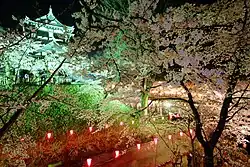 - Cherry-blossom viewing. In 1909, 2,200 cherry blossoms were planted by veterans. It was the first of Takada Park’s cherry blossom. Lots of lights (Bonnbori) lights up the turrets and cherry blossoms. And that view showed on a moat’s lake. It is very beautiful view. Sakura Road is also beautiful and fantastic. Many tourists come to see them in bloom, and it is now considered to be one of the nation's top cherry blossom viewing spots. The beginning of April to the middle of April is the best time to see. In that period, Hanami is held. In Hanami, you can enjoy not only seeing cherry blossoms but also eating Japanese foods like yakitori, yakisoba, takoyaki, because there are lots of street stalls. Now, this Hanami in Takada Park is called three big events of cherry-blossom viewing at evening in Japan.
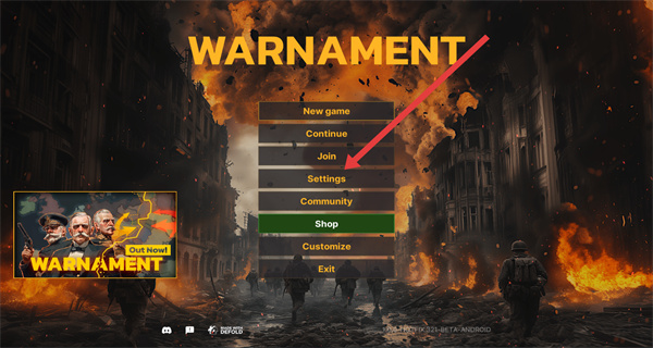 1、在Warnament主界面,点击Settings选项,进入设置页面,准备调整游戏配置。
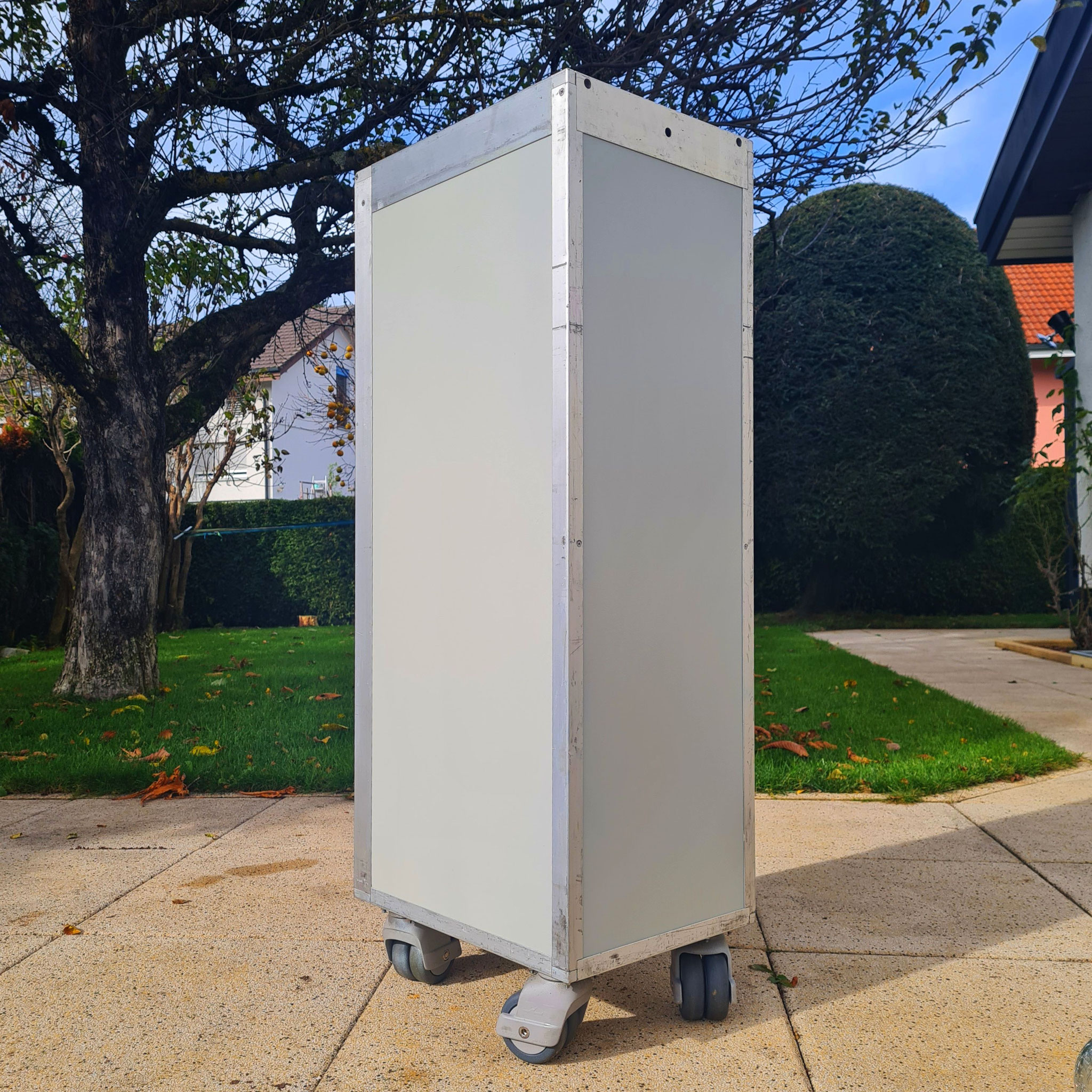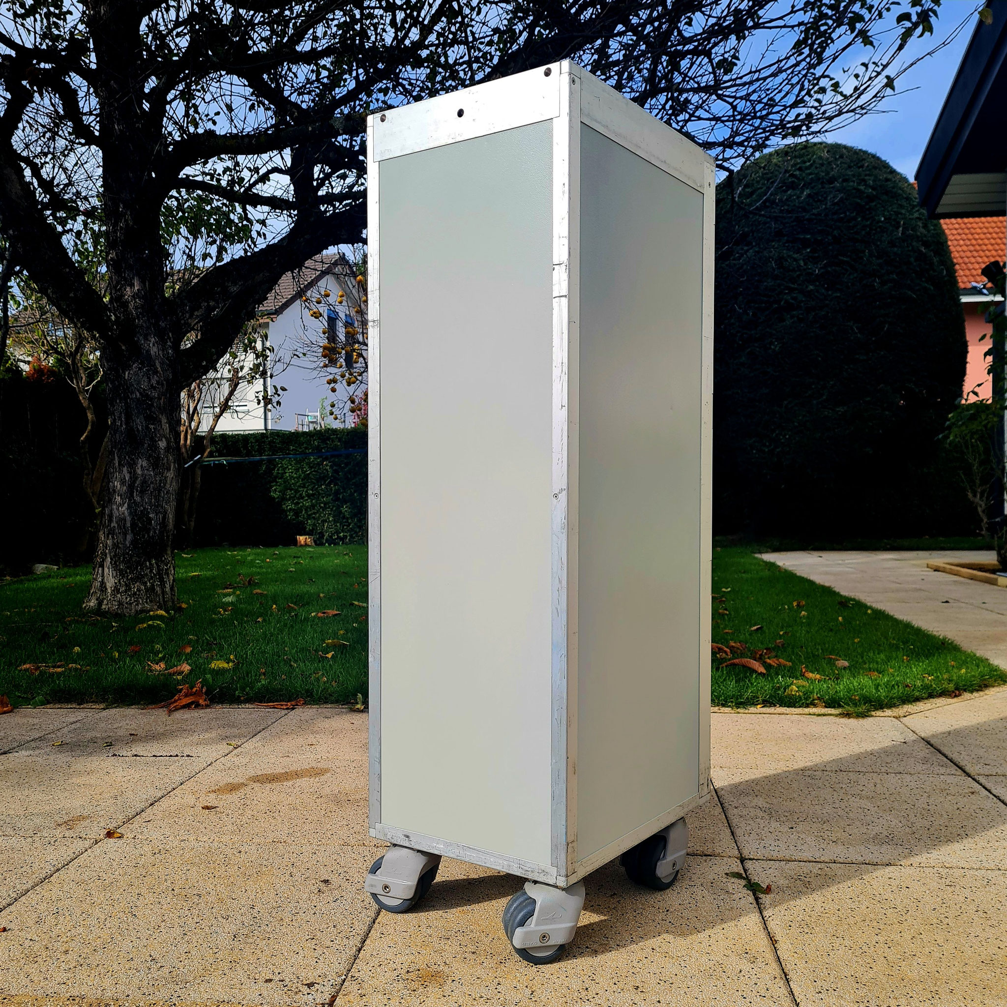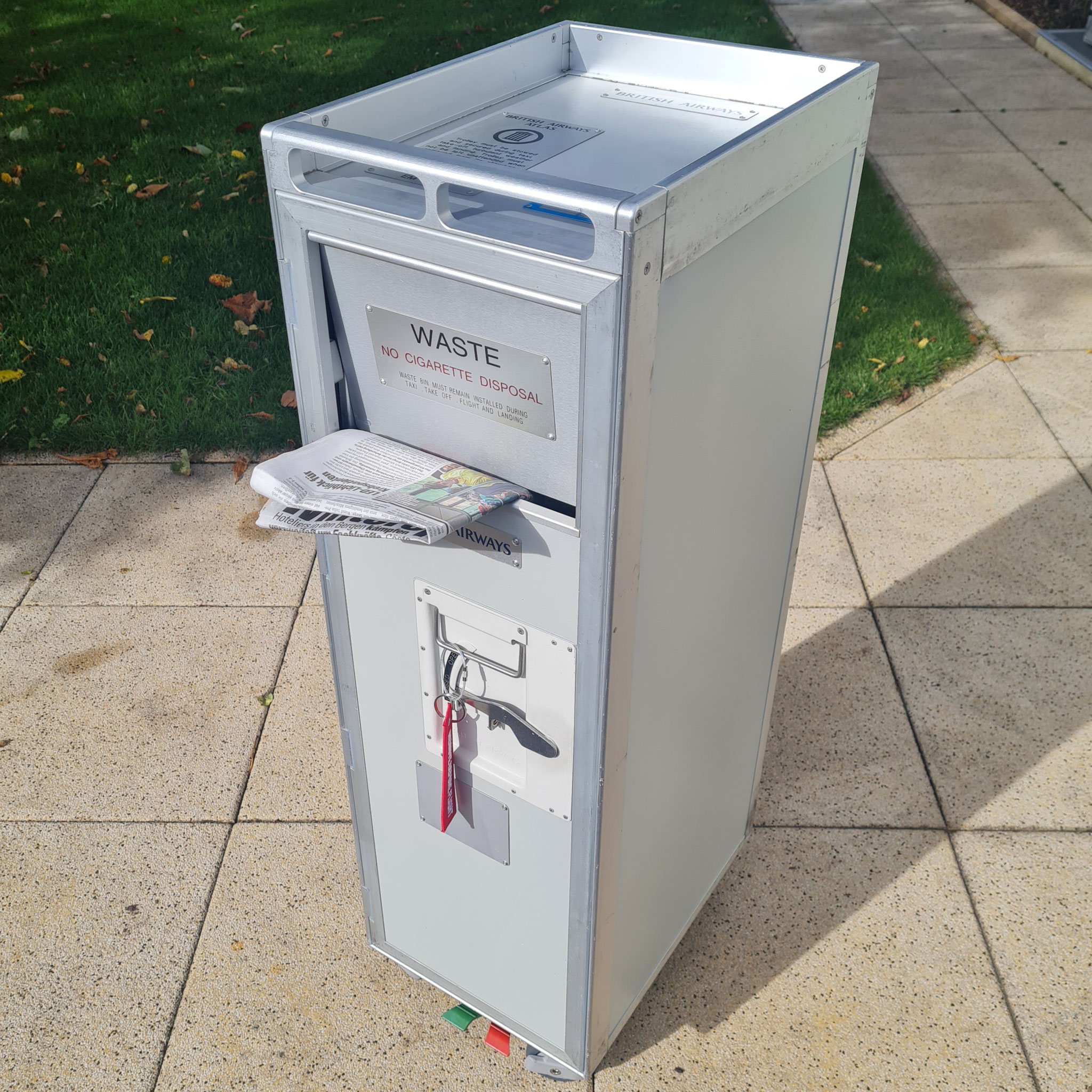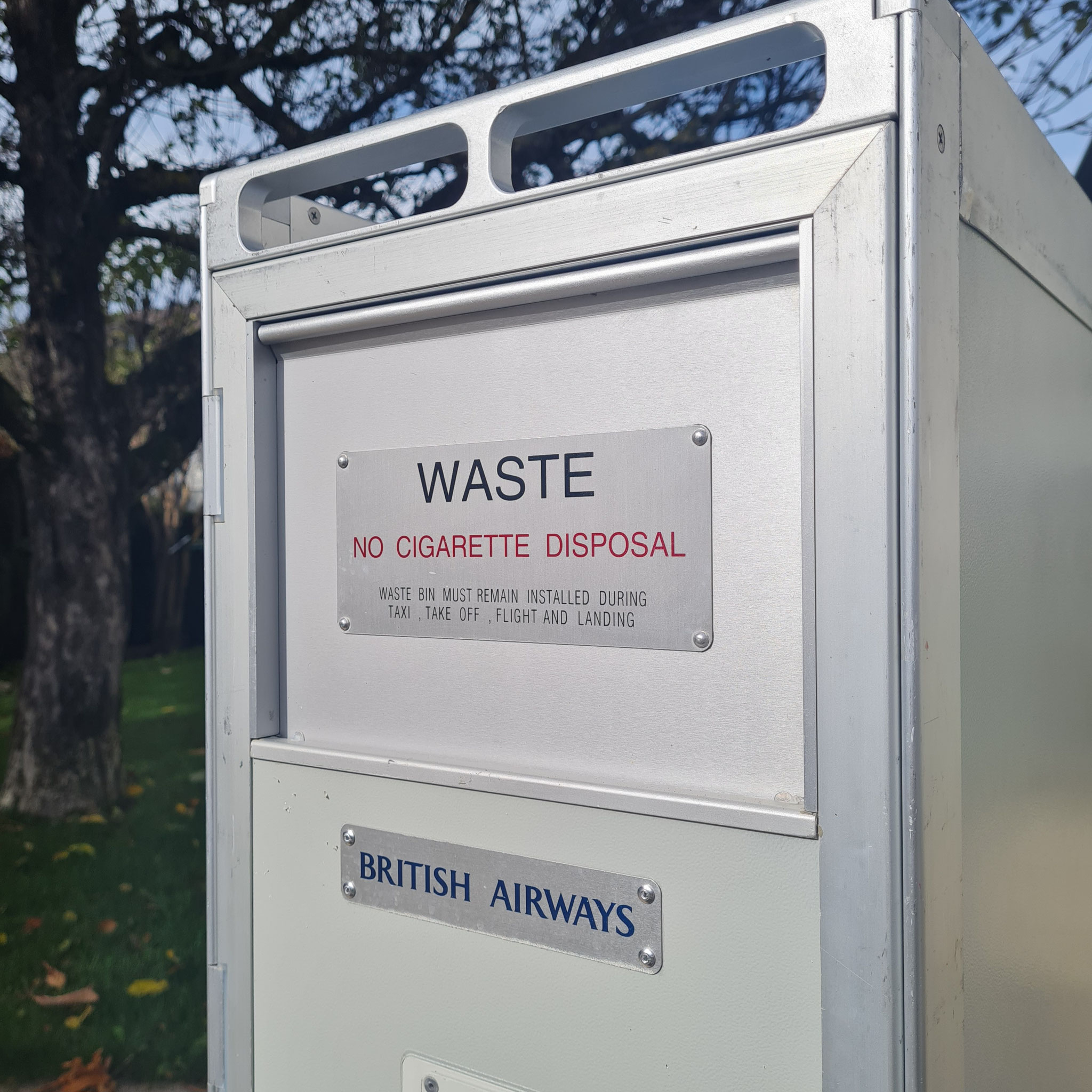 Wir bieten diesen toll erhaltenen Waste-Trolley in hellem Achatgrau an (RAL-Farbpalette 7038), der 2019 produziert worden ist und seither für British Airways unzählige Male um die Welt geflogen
==
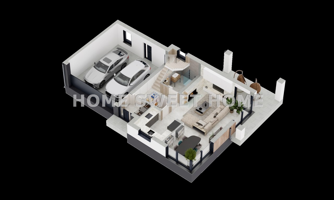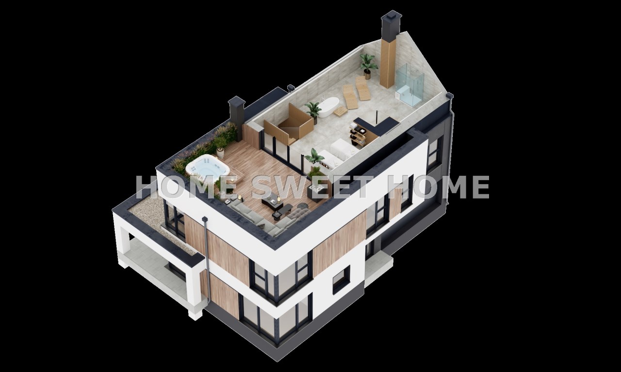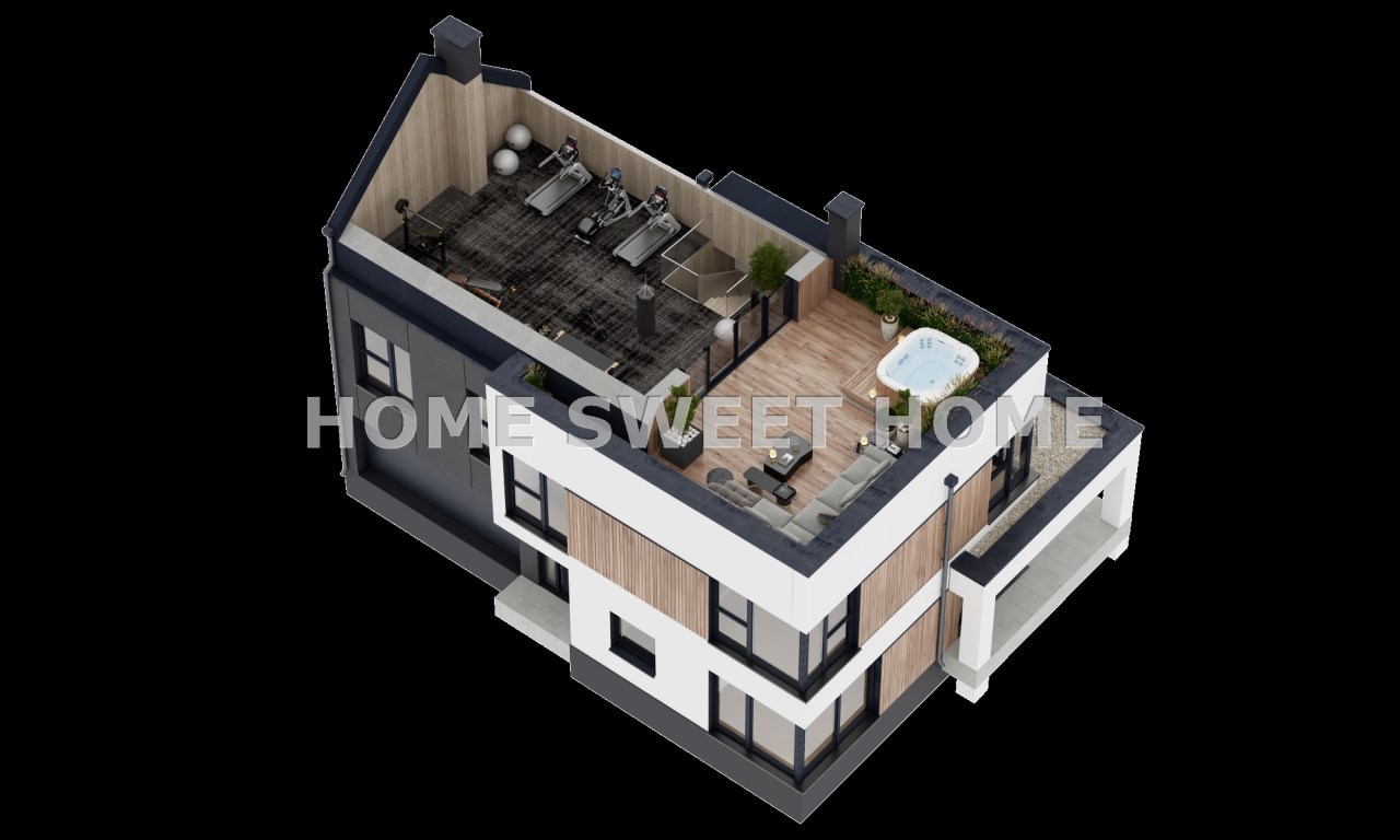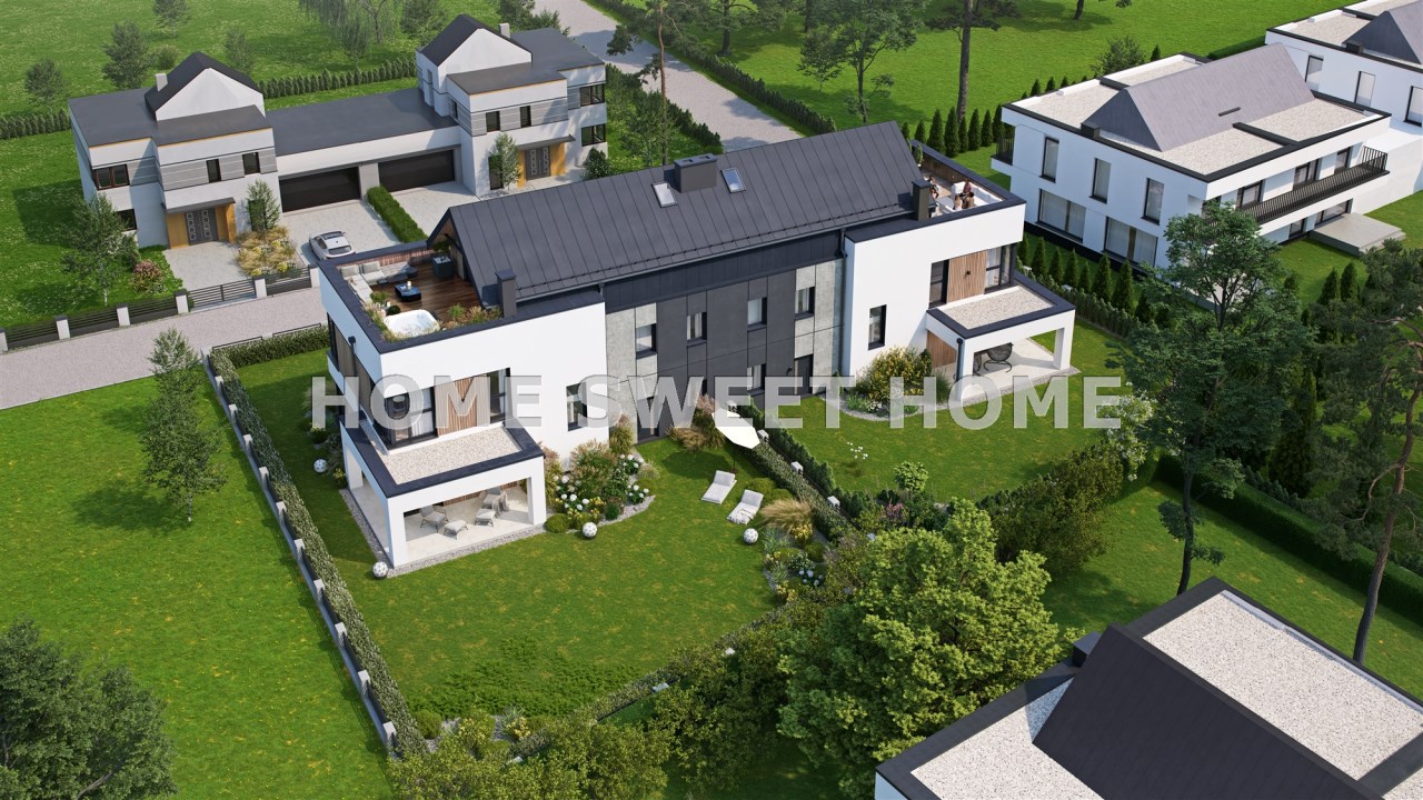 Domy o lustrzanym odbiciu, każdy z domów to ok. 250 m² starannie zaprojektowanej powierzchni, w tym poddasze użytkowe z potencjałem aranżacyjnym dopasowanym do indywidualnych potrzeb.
...
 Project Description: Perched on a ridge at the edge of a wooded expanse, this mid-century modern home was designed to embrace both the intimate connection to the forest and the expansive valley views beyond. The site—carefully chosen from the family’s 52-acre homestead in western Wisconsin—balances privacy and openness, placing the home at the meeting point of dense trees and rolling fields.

● **WHAT NEEDS TO BE DONE**
The line holding "1、在Warnament主界" starts the copy and the line holding "Wir bieten diesen" ends it. Repeat those two lines above and all between them exactly, leaving out pictures.

● **RESPONSE BELOW**
 1、在Warnament主界面,点击Settings选项,进入设置页面,准备调整游戏配置。
 Wir bieten diesen toll erhaltenen Waste-Trolley in hellem Achatgrau an (RAL-Farbpalette 7038), der 2019 produziert worden ist und seither für British Airways unzählige Male um die Welt geflogen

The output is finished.